▶ THE TASK:
Restate word for word the opening line of the data below and every line after it until the line with "LAPIZ FABER CASTELL", that line too, but not the pictures.

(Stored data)
○ ○ ○ ○ ○

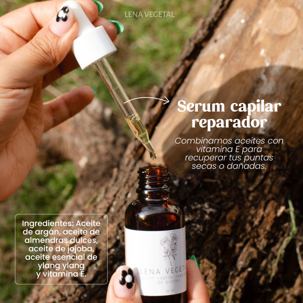 Combinamos aceites con vitamina E para recuperar tus puntas secas o dañadas. Ingredientes: Aceite de argán, aceite de almendras dulces, aceite de jojoba, aceite esencial de ylang ylang y vitamina E.
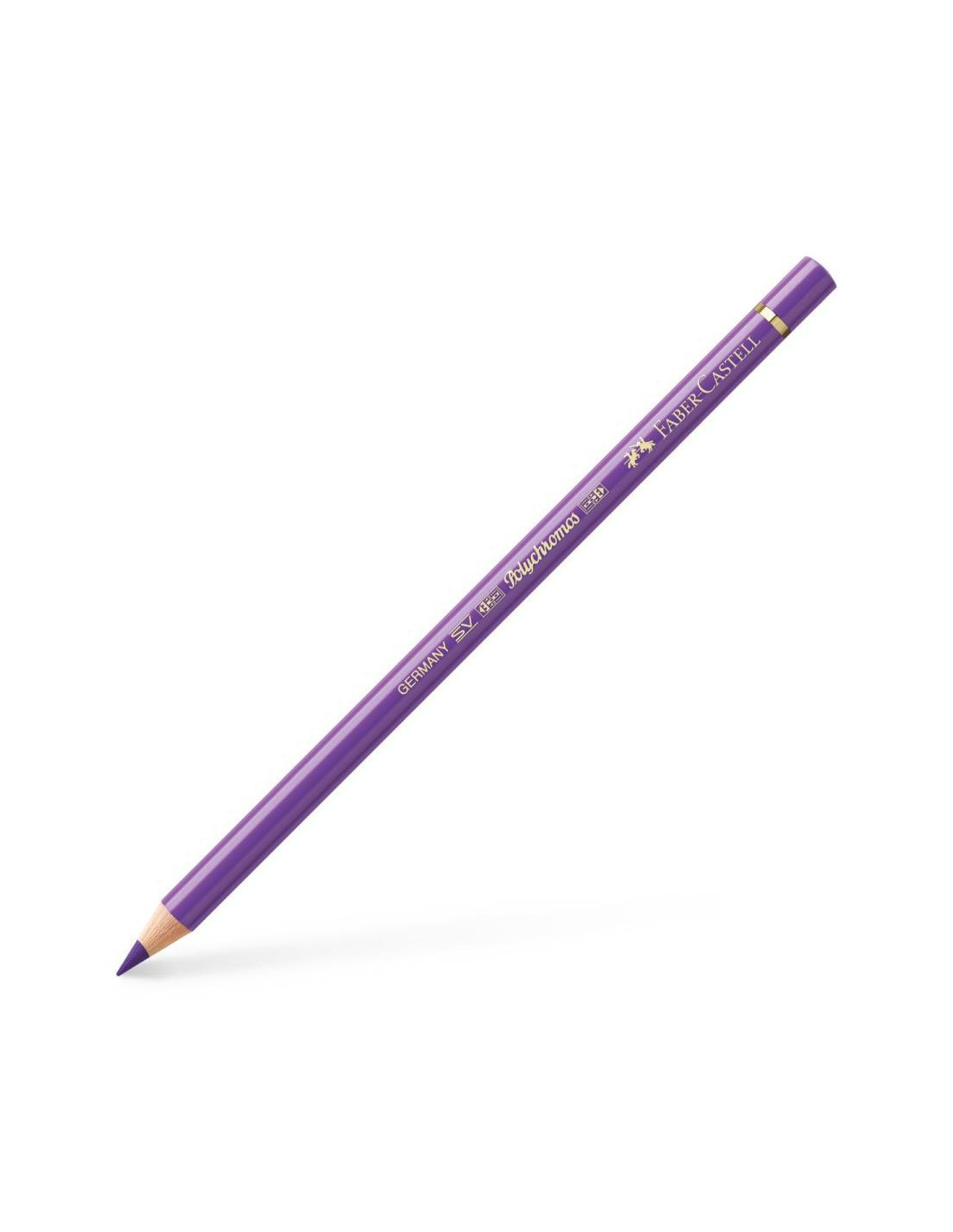 LAPIZ FABER CASTELL POLYCHROMO 9201 VIOLETA Nº138 Los ecolápices Polychromos son internacionalmente valorados por artistas profesionales y aficionados por su extraordinaria calidad. Sus pigmentos brillan por igual utilizados en composiciones libres o creativas interpretaciones de la realidad. •Pigmentos de alta calidad con resistencia a la acción de la luz y luminosidad de color insuperables •Trazo suave de colorido intenso •Resistente al agua y permanente •Mina de 3,8 mm de grosor •Gran resistencia a la rotura gracias a un encolado elástico entre mina y madera
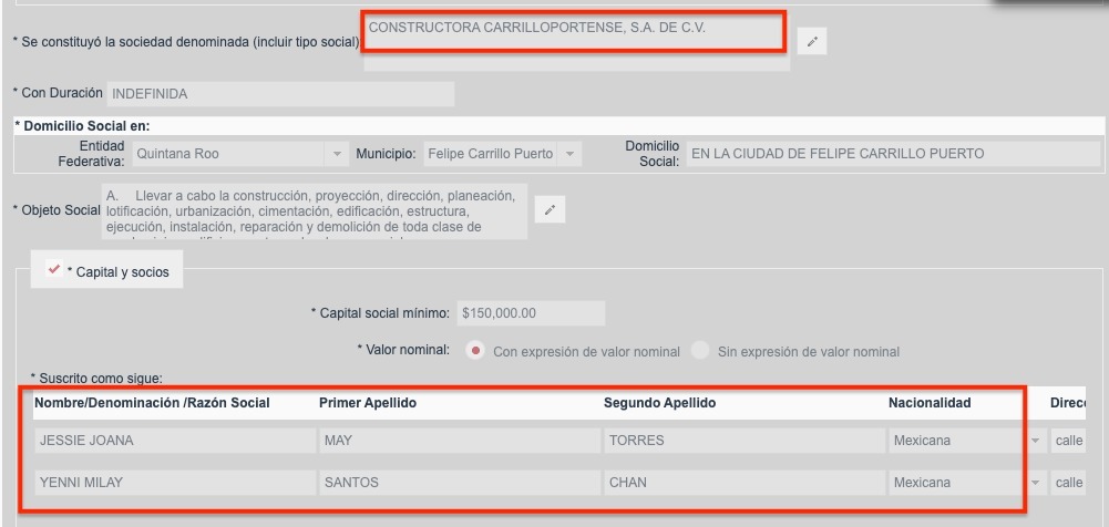 De acuerdo con la denuncia recibida en LA CHISPA, el 12 de diciembre de 2022, la Directora de Planeación, Jessie Joana May Torres, y su socia Yenni Milay Santos Chan constituyeron la razón social Constructora Carrilloportense SA de CV.
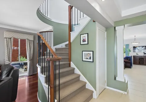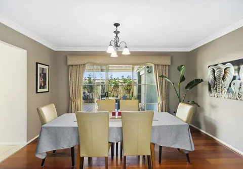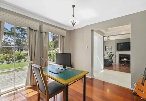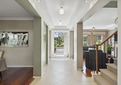 The entrance sets a remarkable tone with a statement staircase and high coffered ceilings. Follow the gleaming tiles that lead you to the elegant formal lounge with a beautiful fireplace, a home office, and a formal dining area. From here, you are welcomed into an inviting open-plan kitchen, family, and meals space. The spacious kitchen ensures that even the most dedicated cook feels perfectly at home, boasting quality appliances and sweeping countertops.
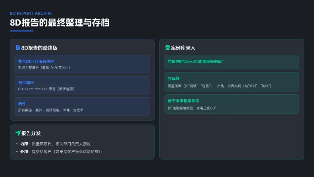 8D的输出是一份标准化的8D报告,这份报告不仅是问题解决的记录,更是组织的知识资产。通过8D报告,企业可以实现知识的沉淀和传承,防止同样的问题在新一代员工身上再次发生。
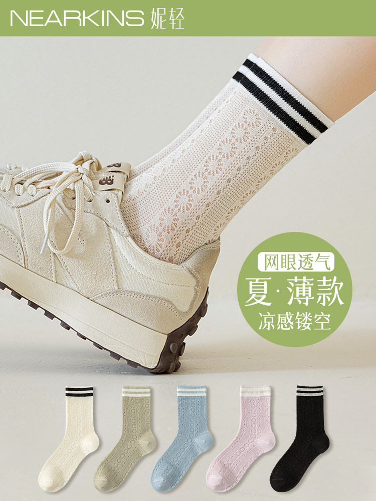 Летние носки, тонкие белые спортивные гольфы, средней длины
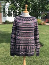 Graphica is a super fun top down, “graphic” pullover that is a collaboration with Dragonfly Fibers for Vogue Knitting Live this weekend. It starts with some fun loop-de-loops and transitions into some graphic botanicals. Each sleeve size then displays slightly different color work (and you can borrow from other sizes if you like). You will be amazed how quick this is to knit!
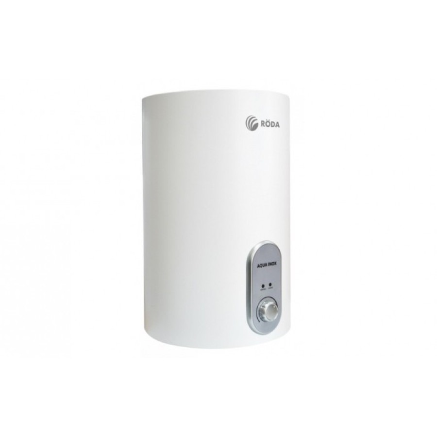Roda Aqua INOX 15 VM - компактний водонагрівач на 15 л з баком з медичної нержавещей стали. Циліндричної форми. Призначений для швидкого нагріву води для кухні. Настінний монтаж у вертикальному положенні. Об'єм гарячої води розрахований для кухонних потреб.
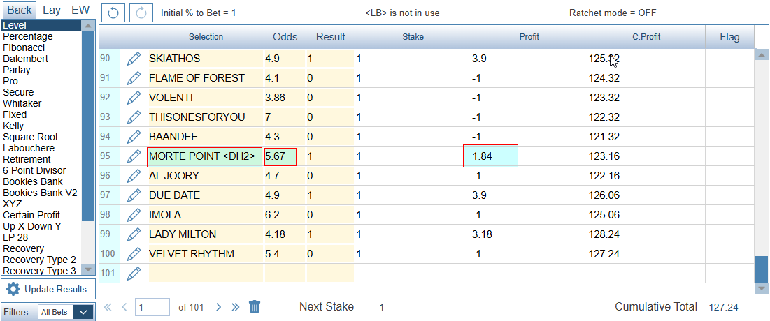 In the screenshot below <DH2> has been added to bet 95. You can see that the Profit has been reduced as per the standard Dead Heat Payout Rules. Commission is switched OFF to make the calculations easier to understand.
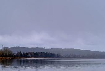 La cathédrale, le CEGEP et le Château Baie-Comeau dans la brume et au soleil à marée basse…
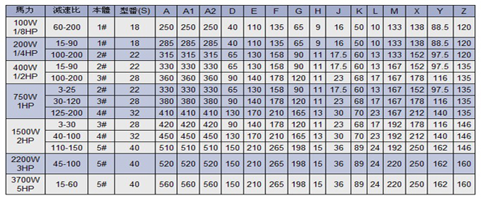 下圖為城邦二代三相齒輪減速馬達的詳細參數(shù):
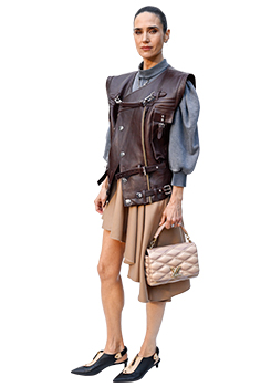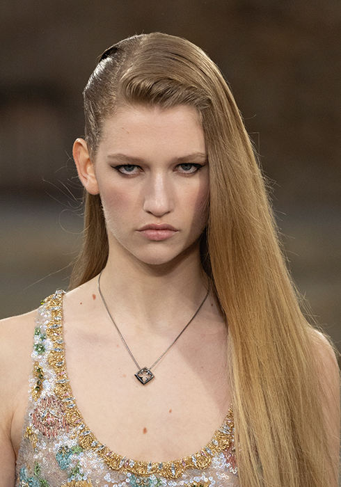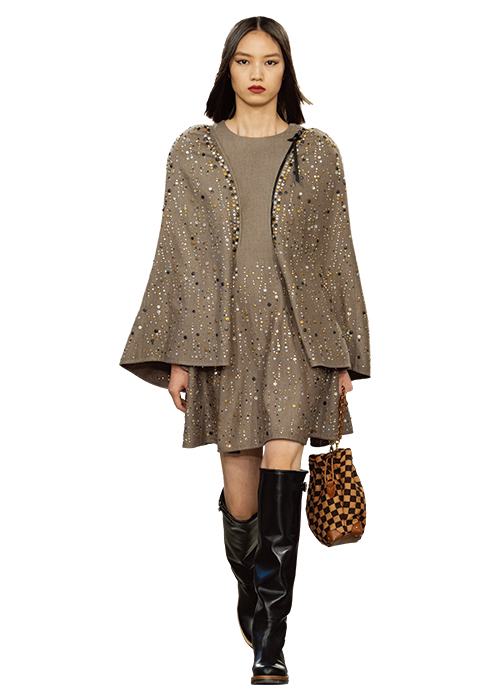 오버사이즈 실루엣은 이번 루이 비통의 크루즈 패션쇼를 지배했다. 거대하고 위용 있는 수트 재킷과 빈티지 스타일에서 영감받은 듯한 버블 스커트, 구조적인 날렵함이 돋보인 스트럭처드 칼라, 한껏 부풀린 소매 등은 압도적인 실루엣으로 루이 비통이 보여주고자 하는 레트로와 퓨처리즘의 조화를 확실하게 보여주었다. 이어진 또 다른 스테이지에서는 비대칭적이고 자연스럽게 드레이프되어 흘러내리는 로맨틱한 블라우스와 승마복에서 모티브를 딴 조거 팬츠와의 매치가 눈길을 끌었으며, 상반된 텍스처의 믹스 매치, 단순함과 과도한 디테일의 어우러짐과 더불어 프린지와 레이스, 프릴, 시스루 폴카 도트 등 페미닌하고 사랑스러운 장식이 니콜라 제스키에르 특유의 카리스마 넘치는 코스튬으로 재탄생되어 감탄을 자아내기도 했다. 가우디의 건축물에서 볼 수 있는 소용돌이치는, 때로는 뒤틀리고 서로 엉킨 듯한 초현실적인 디자인이 루이 비통의 패션을 통해 재현된 느낌이다. 시공간을 초월하며 시대와 스타일의 아름다우면서도 쇼킹한 조화를 보여준 니콜라 제스키에르의 2025 루이 비통 크루즈 패션쇼. 스페인의 열정, 1980년대의 향수, 클래식과 스포티함의 조화, 미래지향적인 퓨처리즘에 대한 기대… 이 모든 것들이 가우디의 동화적인 구조물과 어울려 보는 이들을 새로운 여정으로 이끌었던 매혹적인 순간들. 니콜라 제스키에르의 또 하나의 멋진 이정표로 기억될 듯하다.

○ ○ ○ ○ ○

▶ WRITTEN RESPONSE:
 Combinamos aceites con vitamina E para recuperar tus puntas secas o dañadas. Ingredientes: Aceite de argán, aceite de almendras dulces, aceite de jojoba, aceite esencial de ylang ylang y vitamina E.
 LAPIZ FABER CASTELL POLYCHROMO 9201 VIOLETA Nº138 Los ecolápices Polychromos son internacionalmente valorados por artistas profesionales y aficionados por su extraordinaria calidad. Sus pigmentos brillan por igual utilizados en composiciones libres o creativas interpretaciones de la realidad. •Pigmentos de alta calidad con resistencia a la acción de la luz y luminosidad de color insuperables •Trazo suave de colorido intenso •Resistente al agua y permanente •Mina de 3,8 mm de grosor •Gran resistencia a la rotura gracias a un encolado elástico entre mina y madera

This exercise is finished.